• [ASSIGNED TASK] Omit all images, then repeat exactly the lines below from the one containing "Kızılay Meydanı'nda toplanan" through the one containing "上海抗战与世界反法西斯战争研", both ends included.

• [RECORDS FOR PROCESSING]

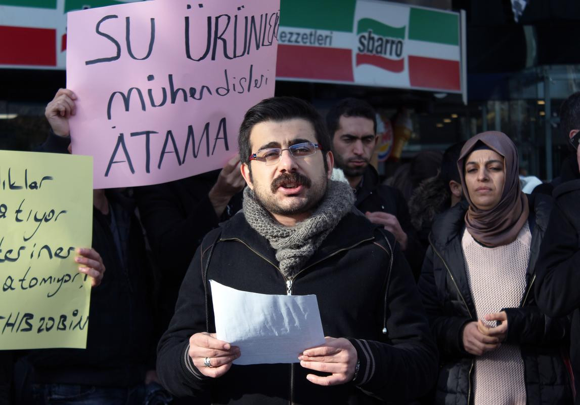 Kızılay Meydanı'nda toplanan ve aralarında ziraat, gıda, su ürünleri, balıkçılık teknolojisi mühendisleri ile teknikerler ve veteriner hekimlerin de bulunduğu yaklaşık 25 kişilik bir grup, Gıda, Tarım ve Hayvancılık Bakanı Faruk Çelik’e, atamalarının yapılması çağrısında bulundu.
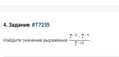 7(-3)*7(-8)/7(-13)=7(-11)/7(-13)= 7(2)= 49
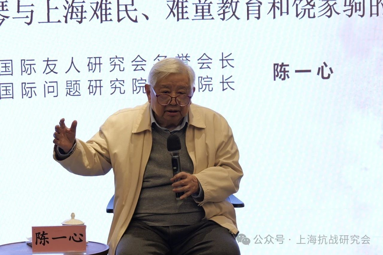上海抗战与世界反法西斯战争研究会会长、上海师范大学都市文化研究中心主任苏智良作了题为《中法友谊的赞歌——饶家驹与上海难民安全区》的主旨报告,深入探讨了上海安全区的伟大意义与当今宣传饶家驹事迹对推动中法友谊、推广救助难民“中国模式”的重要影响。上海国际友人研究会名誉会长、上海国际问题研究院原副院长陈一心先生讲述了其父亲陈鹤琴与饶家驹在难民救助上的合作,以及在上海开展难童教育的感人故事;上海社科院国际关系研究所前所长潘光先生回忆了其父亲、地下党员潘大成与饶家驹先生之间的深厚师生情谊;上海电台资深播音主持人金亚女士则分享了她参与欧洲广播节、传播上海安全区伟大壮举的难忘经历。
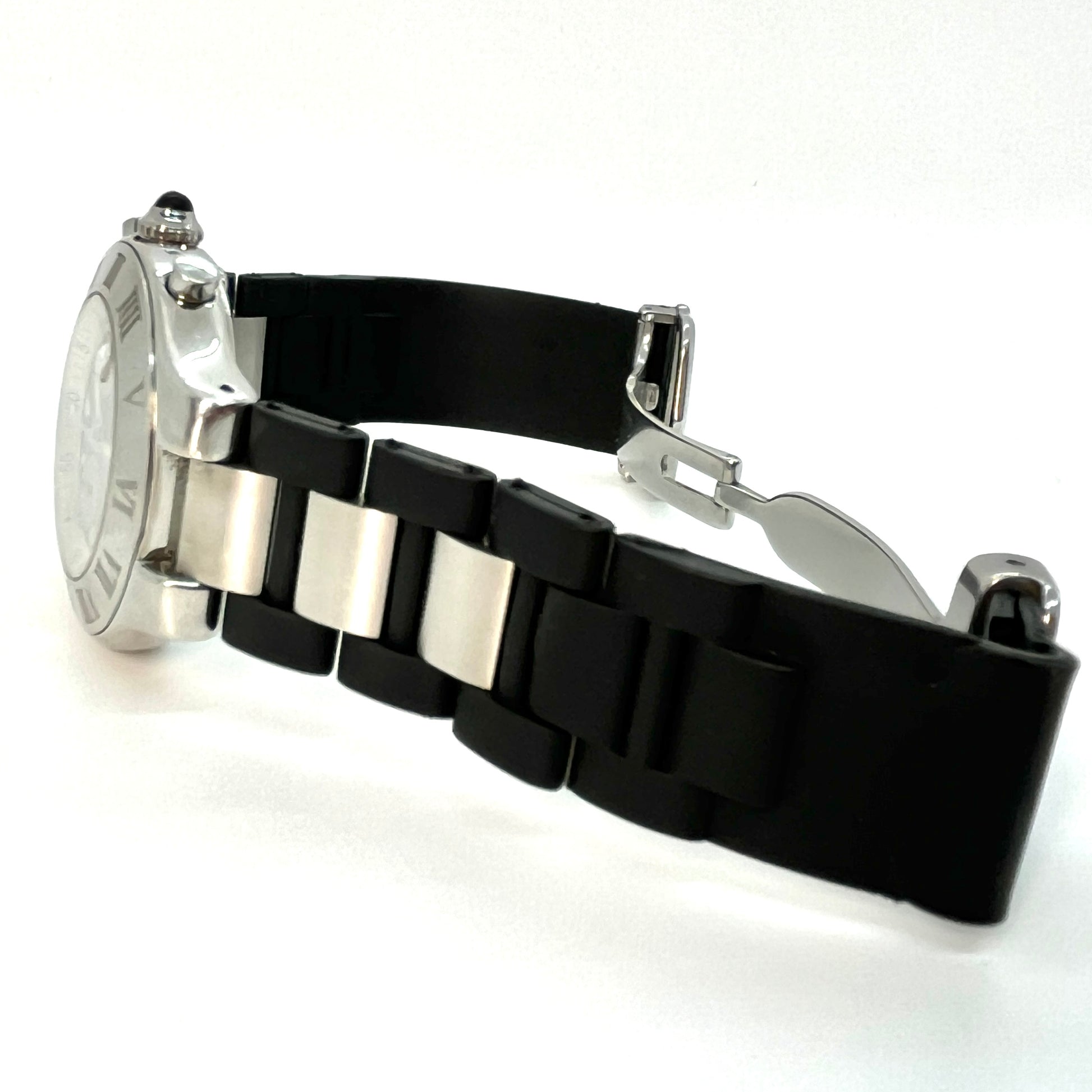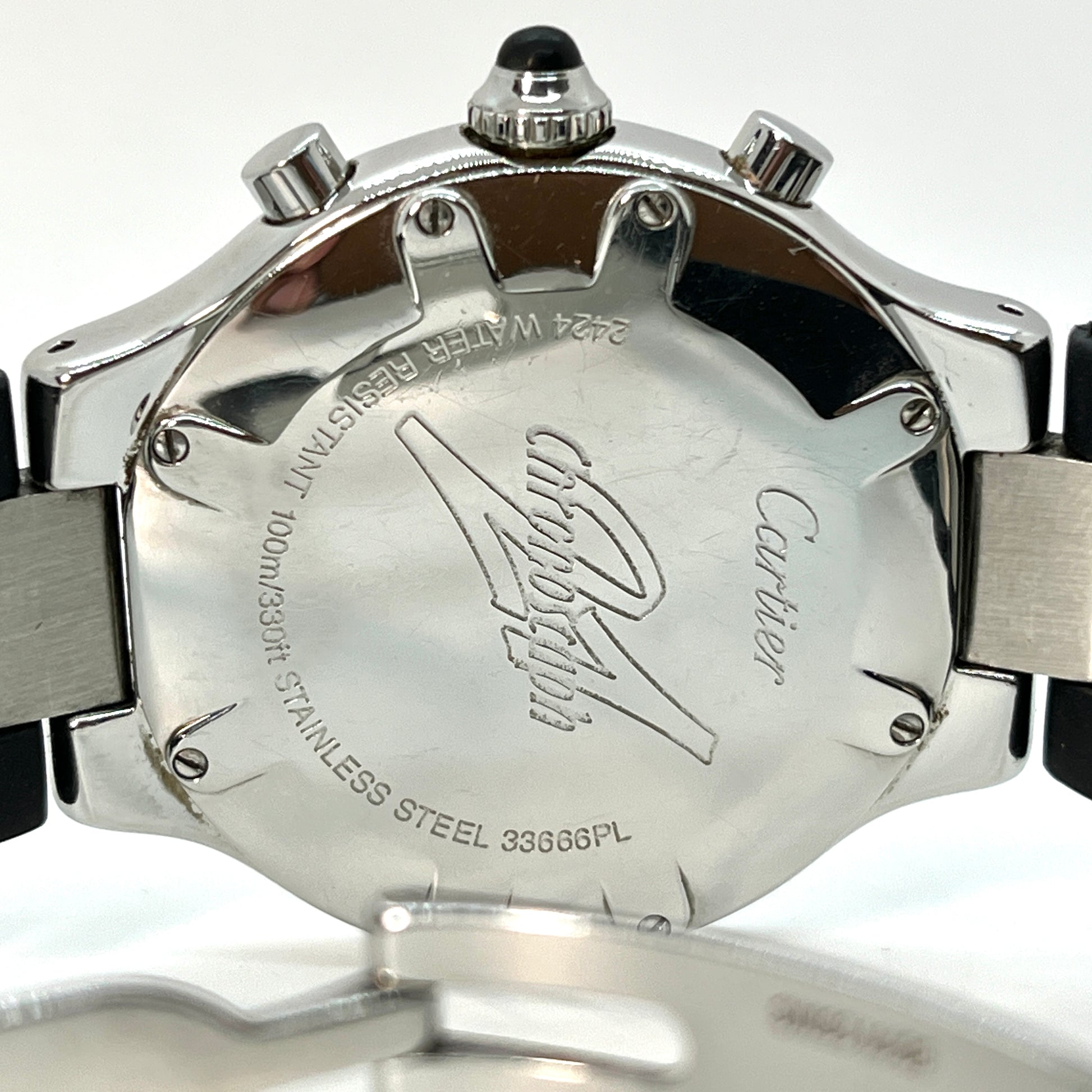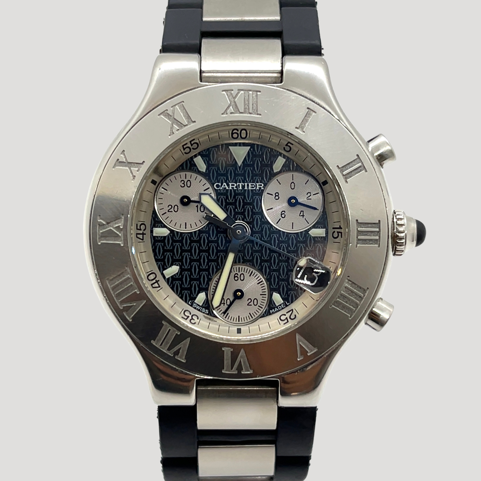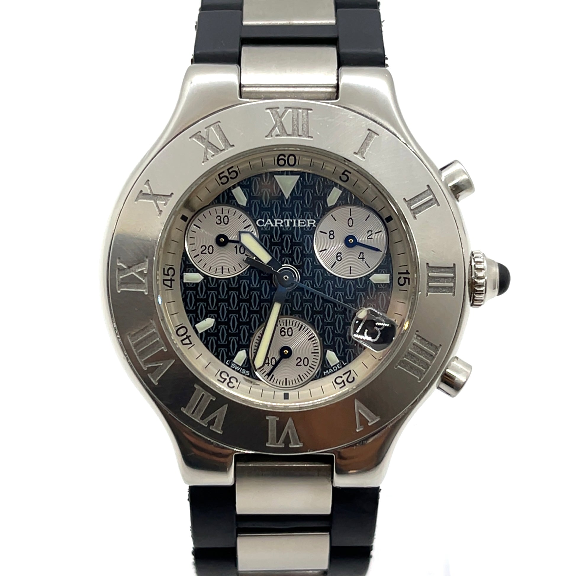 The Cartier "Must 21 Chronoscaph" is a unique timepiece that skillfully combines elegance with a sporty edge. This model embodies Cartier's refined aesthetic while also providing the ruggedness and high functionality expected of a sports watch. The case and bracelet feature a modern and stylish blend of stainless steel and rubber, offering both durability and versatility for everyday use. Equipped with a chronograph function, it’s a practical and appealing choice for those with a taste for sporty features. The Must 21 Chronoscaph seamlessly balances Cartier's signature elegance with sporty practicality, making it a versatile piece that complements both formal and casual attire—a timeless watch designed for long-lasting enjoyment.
...
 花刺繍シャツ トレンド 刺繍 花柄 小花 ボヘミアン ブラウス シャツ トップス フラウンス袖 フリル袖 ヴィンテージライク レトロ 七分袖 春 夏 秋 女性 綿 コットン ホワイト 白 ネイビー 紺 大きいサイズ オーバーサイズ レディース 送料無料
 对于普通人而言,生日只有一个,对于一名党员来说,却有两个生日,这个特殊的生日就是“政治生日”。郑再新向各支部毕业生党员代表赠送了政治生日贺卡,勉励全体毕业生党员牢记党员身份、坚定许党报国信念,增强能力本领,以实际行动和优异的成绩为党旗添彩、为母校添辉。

• [RESULT OF THIS TASK]
 Kızılay Meydanı'nda toplanan ve aralarında ziraat, gıda, su ürünleri, balıkçılık teknolojisi mühendisleri ile teknikerler ve veteriner hekimlerin de bulunduğu yaklaşık 25 kişilik bir grup, Gıda, Tarım ve Hayvancılık Bakanı Faruk Çelik’e, atamalarının yapılması çağrısında bulundu.
 7(-3)*7(-8)/7(-13)=7(-11)/7(-13)= 7(2)= 49
上海抗战与世界反法西斯战争研究会会长、上海师范大学都市文化研究中心主任苏智良作了题为《中法友谊的赞歌——饶家驹与上海难民安全区》的主旨报告,深入探讨了上海安全区的伟大意义与当今宣传饶家驹事迹对推动中法友谊、推广救助难民“中国模式”的重要影响。上海国际友人研究会名誉会长、上海国际问题研究院原副院长陈一心先生讲述了其父亲陈鹤琴与饶家驹在难民救助上的合作,以及在上海开展难童教育的感人故事;上海社科院国际关系研究所前所长潘光先生回忆了其父亲、地下党员潘大成与饶家驹先生之间的深厚师生情谊;上海电台资深播音主持人金亚女士则分享了她参与欧洲广播节、传播上海安全区伟大壮举的难忘经历。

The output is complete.